The world is witnessing an exciting and necessary surge in climate tech startups, with the impact tech sector up by 64% since the end of 2020. And with that increased supply, a new breed of investor has come to the fore: the impact VC.
As an impact specialist working within a VC, I’m committed to supporting founders in achieving their ambitious goals and invoking positive change. To help drive more trackable impact investments, here are five key questions that all founders should consider asking impact investors competing for a space on your cap table.
Are you actually an impact investment fund?
First things first, you need to learn the jargon. The recent implementation of the Sustainable Finance Disclosure Regulation (SFDR) in the EU has brought clarity to fund categorizations. It’s important to discern whether the investor is an Article 6, 8, or 9 fund; understand the difference and know what this means for you, as a founder.
Article 9 funds, like us, are exclusively focused on sustainable investments, with impact as an investment objective. They’re also called “dark green funds.” One level down, we have Article 8 funds, which aim to promote environmental and social characteristics without an exclusive commitment to sustainability. That’s a “light green fund.” Lastly, there’s Article 6, otherwise known as “gray funds.” They make no claims of impact or sustainability, though they might dedicate some aspect of their funds to sustainable investments.
In addition to regulating funds under SFDR, the EU has provided guidance on what economic activities they consider to be environmentally and socially sustainable, and especially impactful. This is what’s called the EU Taxonomy, a classification of business areas that warrants more capital, innovation, and attention, as these will truly move the needle for our planet and humanity.

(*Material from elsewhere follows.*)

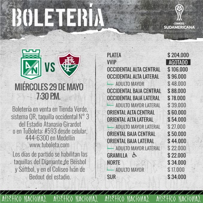 Minuto30.com- Atlético Nacional abrió la recarga de abonos y la venta de boletería para el partido de vuelta de la segunda fase de la Copa Sudamericana, ante Independiente.
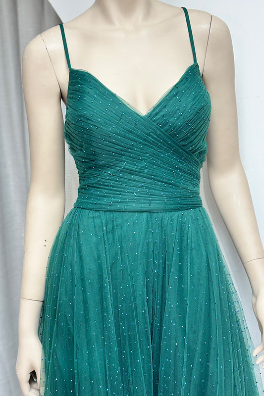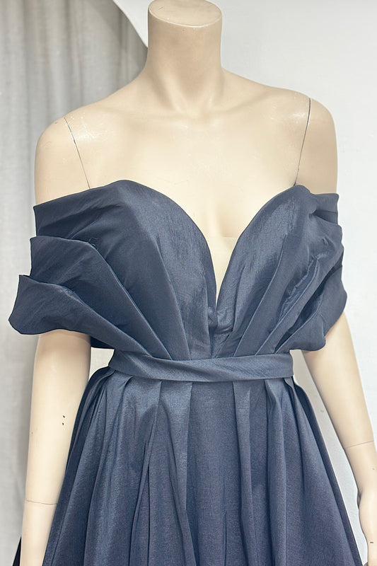 Ruffle Off-Shoulder V-Cut Shimmer Formal

Choosing between Articles 8 and 9
Most VCs operating today will fall into the Article 6 category, as generalists, so we’ll exclude them outright here. For climate tech founders, opting for specialist impact investors (Article 8 or 9 funds), it’s advisable to stay impact aligned. Currently, it’s around 50-50 in Europe for impact VCs complying with either Article 8 or 9.
When dealing with Article 8 funds, they will likely ask you to show that you align with several environmental or social criteria that they’ve defined as especially important, such as the Principal Adverse Impact (PAI) indicators, which assess negative sustainability impacts of investment decisions or advice. They’ll also show you how to identify and work to mitigate sustainability-related risks.
Article 9 funds do this and more, asking you to walk the talk. They’ll demand more tangible evidence of what environmental or social impact your company is having, and how you can measure this over time. They emphasize the need to avoid causing significant harm and to run the business responsibly, both with internal operations and throughout the value chain.
It sounds like hard work but opting for an Article 9 fund offers several advantages. In many ways, Article 9 funds are often perceived as the “real deal” in the market, providing an impact stamp of approval within the investment syndicate that builds brand credibility in your startup. As your company grows, this status should give you access to pools of more diverse capital that non-impact companies cannot obtain.
Which impact key performance indicators (KPIs) do you prioritize?
Given the nuance of SFDR regulation, it’s important for founders to challenge investors in defining what they call “impact” and how they measure it. This is not a perfect science and is especially challenging when measuring the potential impact of early-stage companies that might be both pre-product and customer.